Крошка Доррит предпочла бы отправиться к миссис Гоуэн одна; но так как Фанни, еще не оправившаяся после нападения дяди (хотя с тех пор прошла уже целая вечность: двадцать четыре часа), во что бы то ни стало хотела сопровождать ее, то они и отправились в гондоле с проводником, в полном параде. Сказать по правде, они были даже слишком парадны для квартиры Гоуэнов, которая оказалась, по словам Фанни, в ужасном захолустье и до которой пришлось пробираться по лабиринту узких каналов, «жалких канав» — по презрительному выражению той же барышни.

Дом находился на маленьком пустынном островке и производил такое впечатление, точно оторвался откуда-то, приплыл сюда и случайно остановился здесь на якоре вместе с виноградным кустом, повидимому таким же заброшенным, как жалкие существа, валявшиеся в его тени. По соседству с ним красовались: церковь, обшарпанная и облупленная, обставленная лесами, повидимому лет сто тому назад, так она была ветха; белье, сушившееся на солнце, куча домов, напиравших друг на друга, покосившихся набок, напоминавших куски сыра доадамовских времен, фантастически искромсанные и переполненные червями, и целый хаос окон с покосившимися решетчатыми ставнями, раскрытыми настежь, и каким-то грязным тряпьем, свисавшим наружу.
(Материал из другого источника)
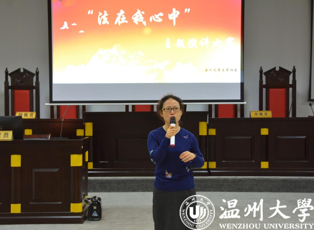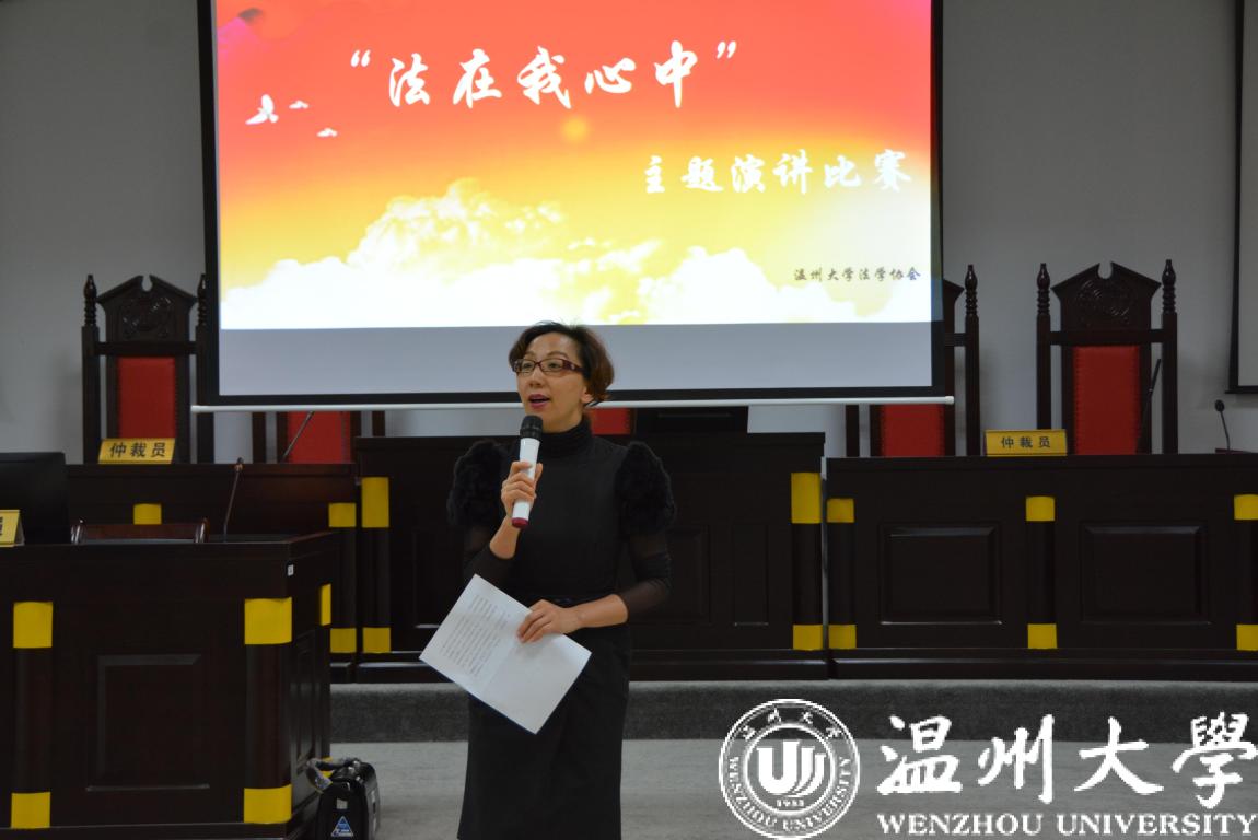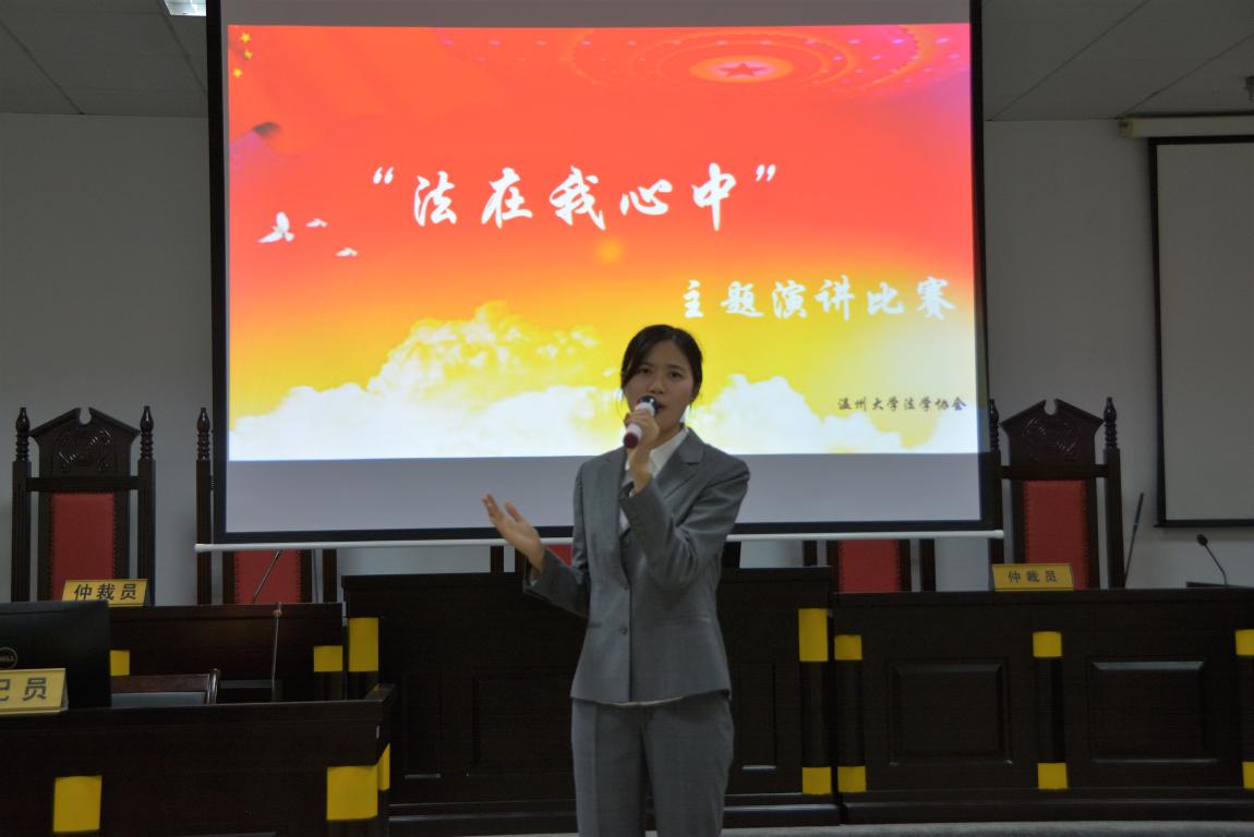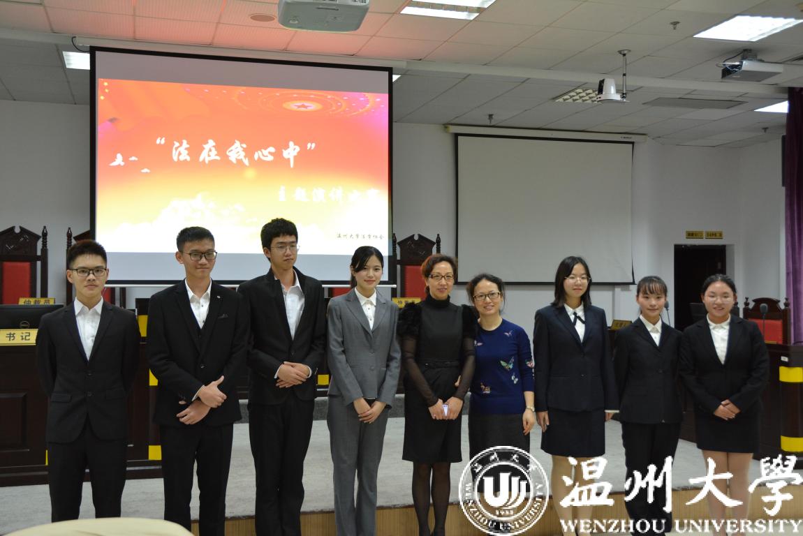 12月4日是国家宪法日,同时12月也是国家普法宣传月。在我国第五个国家宪法日来临之际,由法政学院学生会、校法学协会、法律援助工作站联合举办的“法在我心中”主题演讲比赛决赛在模拟法庭隆重开赛。法政学院党总支副书记严玲红老师、法学系副主任谢丽珍老师、学生科周骞老师担任此次比赛评委,决赛共有来自全校的11位选手参加。

В первом этаже дома помещался банк, — поразительное открытие для каждого джентльмена, причастного к коммерции и уверенного, что некий британский город предписывает законы всему человечеству, — где двое поджарых бородатых клерков, в зеленых бархатных шапочках с золотыми кисточками, стояли за маленькой конторкой в маленькой комнатке, не заключавшей в себе никаких видимых предметов, кроме пустого несгораемого шкафа с открытой дверцей, графина с водой и обоев, разрисованных гирляндами роз, что, впрочем, не мешало означенным клеркам по первому законному требованию вытаскивать из какого-то потаенного места горы пятифранковых монет. Под банком находились три или четыре комнаты с железными решетками на окнах, смахивавшие на темницу для преступных крыс. Над банком была резиденция миссис Гоуэн.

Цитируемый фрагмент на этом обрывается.